**WORK INSTRUCTIONS:**
The expected result is an exact restatement of the data, free of pictures.

**GIVEN DATA:**
☆ ☆ ☆ ☆ ☆ ☆ ☆

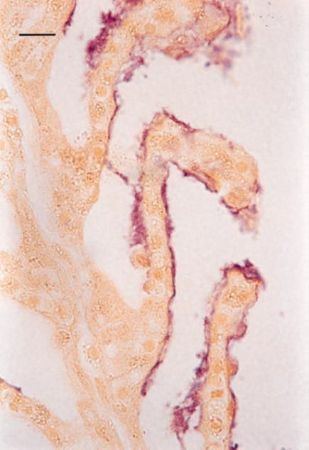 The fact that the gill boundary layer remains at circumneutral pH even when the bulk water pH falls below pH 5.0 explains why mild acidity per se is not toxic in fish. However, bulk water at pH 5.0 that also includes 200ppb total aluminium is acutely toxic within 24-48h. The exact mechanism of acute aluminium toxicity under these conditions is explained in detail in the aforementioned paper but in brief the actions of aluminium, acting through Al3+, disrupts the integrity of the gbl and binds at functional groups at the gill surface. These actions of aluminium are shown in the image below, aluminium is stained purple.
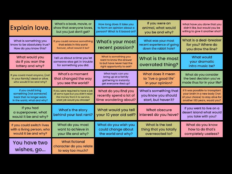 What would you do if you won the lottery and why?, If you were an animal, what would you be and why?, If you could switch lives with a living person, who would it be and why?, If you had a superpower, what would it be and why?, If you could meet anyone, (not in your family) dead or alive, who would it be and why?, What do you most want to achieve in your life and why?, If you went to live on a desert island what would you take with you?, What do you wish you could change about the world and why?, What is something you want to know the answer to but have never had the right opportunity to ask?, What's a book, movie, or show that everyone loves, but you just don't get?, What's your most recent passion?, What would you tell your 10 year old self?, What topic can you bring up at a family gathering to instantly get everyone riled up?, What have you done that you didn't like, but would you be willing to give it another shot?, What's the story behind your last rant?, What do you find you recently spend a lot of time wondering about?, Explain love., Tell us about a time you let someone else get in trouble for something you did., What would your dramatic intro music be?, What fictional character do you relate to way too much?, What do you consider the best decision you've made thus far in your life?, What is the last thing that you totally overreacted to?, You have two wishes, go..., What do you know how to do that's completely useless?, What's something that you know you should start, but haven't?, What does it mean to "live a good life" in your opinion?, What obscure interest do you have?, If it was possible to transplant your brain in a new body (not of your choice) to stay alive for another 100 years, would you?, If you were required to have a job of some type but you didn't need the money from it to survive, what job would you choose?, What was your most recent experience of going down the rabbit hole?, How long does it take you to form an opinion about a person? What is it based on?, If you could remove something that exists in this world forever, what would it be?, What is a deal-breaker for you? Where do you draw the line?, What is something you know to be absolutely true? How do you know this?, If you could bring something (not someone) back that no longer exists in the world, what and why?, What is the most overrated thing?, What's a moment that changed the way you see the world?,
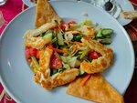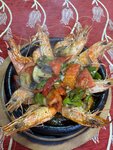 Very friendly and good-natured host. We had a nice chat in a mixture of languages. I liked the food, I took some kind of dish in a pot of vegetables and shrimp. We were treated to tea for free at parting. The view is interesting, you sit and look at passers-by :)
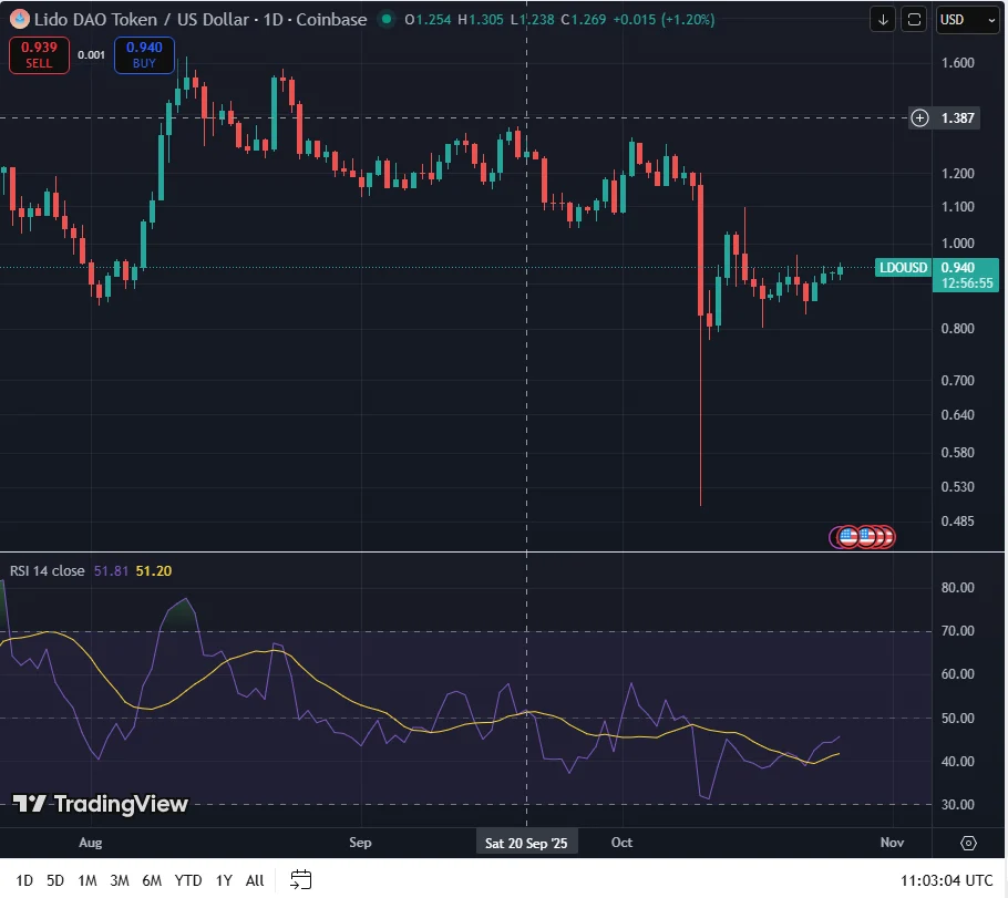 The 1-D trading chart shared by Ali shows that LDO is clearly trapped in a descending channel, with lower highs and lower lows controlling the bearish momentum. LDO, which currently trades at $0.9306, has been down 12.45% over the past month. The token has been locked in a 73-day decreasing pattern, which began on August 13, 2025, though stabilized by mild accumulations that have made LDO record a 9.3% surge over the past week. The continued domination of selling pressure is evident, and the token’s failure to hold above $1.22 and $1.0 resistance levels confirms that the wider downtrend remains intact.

☆ ☆ ☆ ☆ ☆ ☆ ☆

**FINISHED EXERCISE:**
 The fact that the gill boundary layer remains at circumneutral pH even when the bulk water pH falls below pH 5.0 explains why mild acidity per se is not toxic in fish. However, bulk water at pH 5.0 that also includes 200ppb total aluminium is acutely toxic within 24-48h. The exact mechanism of acute aluminium toxicity under these conditions is explained in detail in the aforementioned paper but in brief the actions of aluminium, acting through Al3+, disrupts the integrity of the gbl and binds at functional groups at the gill surface. These actions of aluminium are shown in the image below, aluminium is stained purple.
 What would you do if you won the lottery and why?, If you were an animal, what would you be and why?, If you could switch lives with a living person, who would it be and why?, If you had a superpower, what would it be and why?, If you could meet anyone, (not in your family) dead or alive, who would it be and why?, What do you most want to achieve in your life and why?, If you went to live on a desert island what would you take with you?, What do you wish you could change about the world and why?, What is something you want to know the answer to but have never had the right opportunity to ask?, What's a book, movie, or show that everyone loves, but you just don't get?, What's your most recent passion?, What would you tell your 10 year old self?, What topic can you bring up at a family gathering to instantly get everyone riled up?, What have you done that you didn't like, but would you be willing to give it another shot?, What's the story behind your last rant?, What do you find you recently spend a lot of time wondering about?, Explain love., Tell us about a time you let someone else get in trouble for something you did., What would your dramatic intro music be?, What fictional character do you relate to way too much?, What do you consider the best decision you've made thus far in your life?, What is the last thing that you totally overreacted to?, You have two wishes, go..., What do you know how to do that's completely useless?, What's something that you know you should start, but haven't?, What does it mean to "live a good life" in your opinion?, What obscure interest do you have?, If it was possible to transplant your brain in a new body (not of your choice) to stay alive for another 100 years, would you?, If you were required to have a job of some type but you didn't need the money from it to survive, what job would you choose?, What was your most recent experience of going down the rabbit hole?, How long does it take you to form an opinion about a person? What is it based on?, If you could remove something that exists in this world forever, what would it be?, What is a deal-breaker for you? Where do you draw the line?, What is something you know to be absolutely true? How do you know this?, If you could bring something (not someone) back that no longer exists in the world, what and why?, What is the most overrated thing?, What's a moment that changed the way you see the world?,
 Very friendly and good-natured host. We had a nice chat in a mixture of languages. I liked the food, I took some kind of dish in a pot of vegetables and shrimp. We were treated to tea for free at parting. The view is interesting, you sit and look at passers-by :)
 The 1-D trading chart shared by Ali shows that LDO is clearly trapped in a descending channel, with lower highs and lower lows controlling the bearish momentum. LDO, which currently trades at $0.9306, has been down 12.45% over the past month. The token has been locked in a 73-day decreasing pattern, which began on August 13, 2025, though stabilized by mild accumulations that have made LDO record a 9.3% surge over the past week. The continued domination of selling pressure is evident, and the token’s failure to hold above $1.22 and $1.0 resistance levels confirms that the wider downtrend remains intact.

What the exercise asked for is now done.